Processamento em lote de telas 2-híbrido de levedura permite a comparação direta dos perfis de interação de várias proteínas de isca com um conjunto altamente complexo de proteínas da fusão de rapina. Aqui, descrevemos como implementar sua utilização para tais telas, novos reagentes e métodos refinados.

Abstract

Triagem para interações da proteína-proteína usando o ensaio de 2-híbrido de levedura tem sido uma ferramenta eficaz, mas seu uso foi em grande parte limitado à descoberta de interactianos de alta afinidade que são altamente enriquecido na biblioteca dos candidatos interagindo. Em um formato tradicional, o ensaio 2-híbrido de levedura pode render muitas colônias para analisar quando conduzido no rigor baixa onde os interactianos de baixa afinidade podem ser encontrados. Além disso, sem uma interrogação abrangente e completa da mesma biblioteca contra diferentes isca plasmídeos, uma análise comparativa não pode ser alcançada. Embora alguns destes problemas podem ser abordados usando bibliotecas de matriz presa, o custo e a infra-estrutura necessária para operar essas telas podem ser proibitivos. Como alternativa, adaptámos o ensaio 2-híbrido de levedura para descobrir simultaneamente dezenas de transiente e interações proteína estático dentro de uma única tela utilizando uma estratégia denominado DEEPN (enriquecimento dinâmico para avaliação de redes de proteínas), que incorpora o sequenciamento de DNA do elevado-throughput e computação para acompanhar a evolução de uma população de plasmídeos que codificam parceiros interagindo. Aqui, descrevemos reagentes personalizados e protocolos que permitem que uma tela DEEPN a ser executado de modo fácil e econômico.

Introduction

Um entendimento completo dos processos biológicos de célula depende de encontrar as redes de interação de proteínas que fundamentam seus mecanismos moleculares. Uma abordagem para identificar as interações da proteína é ensaio fermento 2-híbrido (Y2H), que trabalha pela montagem de um fator de transcrição quimérico funcionamento uma vez que os dois domínios da proteína de interesse ligam para um outro1. Uma tela típica de Y2H é realizada através da criação de uma população de levedura que abriga tanto uma biblioteca de plasmídeos codificação interação proteínas fundidas a um ativador transcricional (ex., ‘presas’ a proteína de fusão) e um determinado ‘isca’ plasmídeo composto da proteína de interesse fundido a um domínio de ligação do DNA (por exemplo, o domínio de Gal4 DNA-ligando que vincula-se à sequência de ativação Gal4-upstream). Uma das principais vantagens da abordagem Y2H é que é relativamente fácil e barata para realizar em um laboratório típico equipada para trabalho rotineiro de biológica molecular2. No entanto, quando tradicionalmente realizada, um usuário amostras colônias individuais que surgem em seleção para uma interação positiva de Y2H. Isto limita severamente o número de clones ‘presas’ biblioteca que podem ser pesquisados. Este problema é agravado quando a abundância de uma particular interação presa é muito elevada em relação às outras, diminuindo a chance de detecção de interação de plasmídeos de rapina baixa abundância.

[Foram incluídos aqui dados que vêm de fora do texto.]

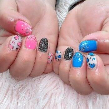 アートし放題 ☆|伏見桃山ネイル こんにちは、ネイル好きの皆さん! 今日は思わず目を引く、華やかで個性的なネイルデザインをご紹介します♪ 今回のデザインは、ピンク×ブルーのポップカラーに、フラッシュ&アニマル柄をミックスした…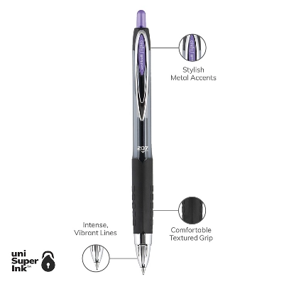 Bring artistic flair to your writing using these uni-ball 207 retractable purple gel pens. Stock your office, home or classroom with 207 Retractable Gel Pens from uniball featuring a 0.7mm medium point with a stainless steel tip that resists bending and breaking. Even-flowing, pigment-based gel ink delivers a smooth writing experience for intense, vibrant lines, ensuring that every mark is brilliantly communicated. Use these retractable gel pens for everyday writing tasks, check signing and all of your important signatures, trusting its quick-drying uni Super Ink. Innovative uni Super Ink technology effectively entraps the gel ink into the paper, producing fraud, fade and water-resistant documents that resist check washing or bleaching. The 0.7mm medium point strikes the perfect balance between bold and detailed lines. A textured grip offers greater comfort and control as you continue writing, while a translucent ink window indicates the level of gel ink remaining, so you don’t run out unexpectedly. The sleek design of the 207 with modern metal accents gives the retractable gel pen a stylish touch. The medium 0.7 mm point balances between detail and boldness, suitable for any writing or creative need. Water and fade-resistant gel ink helps you compose long-lasting, high-quality documents you can archive. uni Super Ink entraps the gel ink in the paper, creating a strong bond that resists document fraud. A textured rubber grip ensures ease of writing while helping you maintain good control; convenient clip ensures that your favorite gel pen is always at hand. Professional’s first choice gel pen with stylish metallic accents and a high-quality finish. Comfort grip for superior control. Features a pocket clip for convenient carrying. Refillable ink allows pens to be reused instead of replaced to save money. Gel pens feature smooth-flowing pigment-based ink with vibrant color. Sold as 1 Dozen.

Uma solução para usando o princípio de Y2H em uma cobertura abrangente da proteoma é o uso de uma abordagem de matriz formatada no qual uma matriz contendo plasmídeos conhecido presas individuais pode ser interrogada digitalmente. No entanto, essa abordagem exige uma infra-estrutura que não é prontamente acessível ou rentável para os investigadores que estão interessados em definir a interactome de um pequeno número de proteínas ou domínios3. Além disso, bibliotecas de rapina muito complexo que podem codificar vários fragmentos de interação de proteínas que expandir o tamanho do como matrizes matriz para tamanhos impraticáveis. Uma alternativa é realizar ensaios com bibliotecas complexas em lotes e avaliar a presença de interação clones usando sequenciamento de elevado-throughput maciço paralelo4. Isto pode ser aplicado para ensaiar a presença de plasmídeos de rapina que surgem em várias colônias usando um típico Y2H formatado abordagem em qual fermento habitação um par de interação de proteínas da fusão de células podem crescer em uma placa de5,6. Esta ideia geral pode ser acentuada para aumentar a consulta de ambos várias iscas e presas componentes ao mesmo tempo7,8.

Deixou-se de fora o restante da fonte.